Golf tourism is worth an estimated £300 million each year to Scotland's economy

Golf tourism is estimated to bring in almost £300million to Scotland annually, with the 150th Open Championship in St Andrews next week part of an "unprecedented" summer of major events.

The Genesis Scottish Open takes its slot this week in the run-up to The Open, a date secured by VisitScotland and the Scottish Government as part of a new long-term commitment to the event.

It is co-sanctioned for the first time by the DP World Tour and PGA Tour of America, guaranteeing the field is among the strongest ever. To date seven of the top 10 male players in the world are set to tee off at The Renaissance Club in East Lothian.

Following The Open, legends of the men’s game will be in action at Gleneagles, as the King’s Course hosts the fifth Major Championship on the Champions Tour schedule, as The Senior Open Championship presented by Rolex returns to Scotland for the first time since 2018.

According to tourism bosses, Scotland continues to lead the way in investment into women’s golf events, supporting the Trust Golf Women’s Scottish Open at Dundonald Links in Ayrshire later this month, while the AIG Women’s Open will break new ground when it is hosted at Muirfield in August, East Lothian, for the first time.

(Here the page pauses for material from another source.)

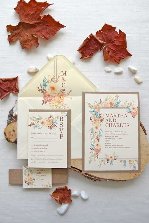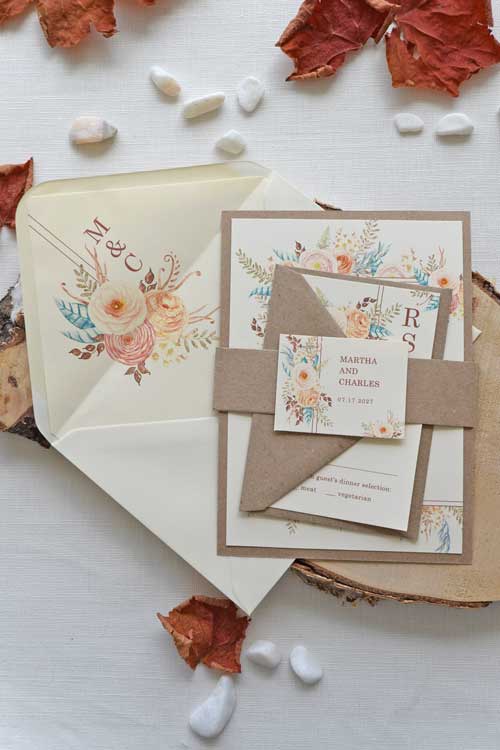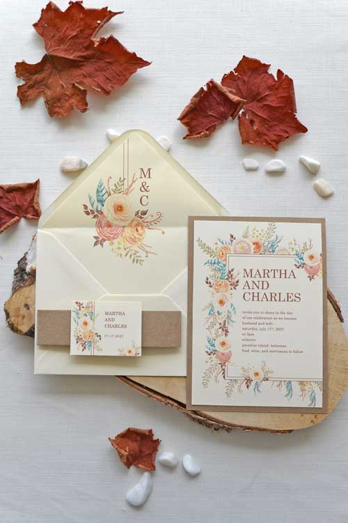These watercolor wedding invitations will set the perfect tone for your autumn or fall wedding. There is nothing more romantic, unique, and perfect to infuse your special day with the magic of the season.

More than 100,000 spectators are expected to attend these events in addition to the 290,000 expected to flock to the Open in St Andrews.

Visit Scotland chief executive, Malcolm Roughhead said: "No other venue has hosted more Opens than the Old Course and Jack Nicklaus, Seve Ballesteros, Nick Faldo and Tiger Woods are just some of the famous faces that have crossed the Swilcan Bridge on the way to clinching the Claret Jug in front of the Royal & Ancient Clubhouse."

Roughhead maintains these golf events provide the perfect stage to showcase Scotland’s first class golf regions and courses to the world as well as the wider scenery, attractions and a warm welcome.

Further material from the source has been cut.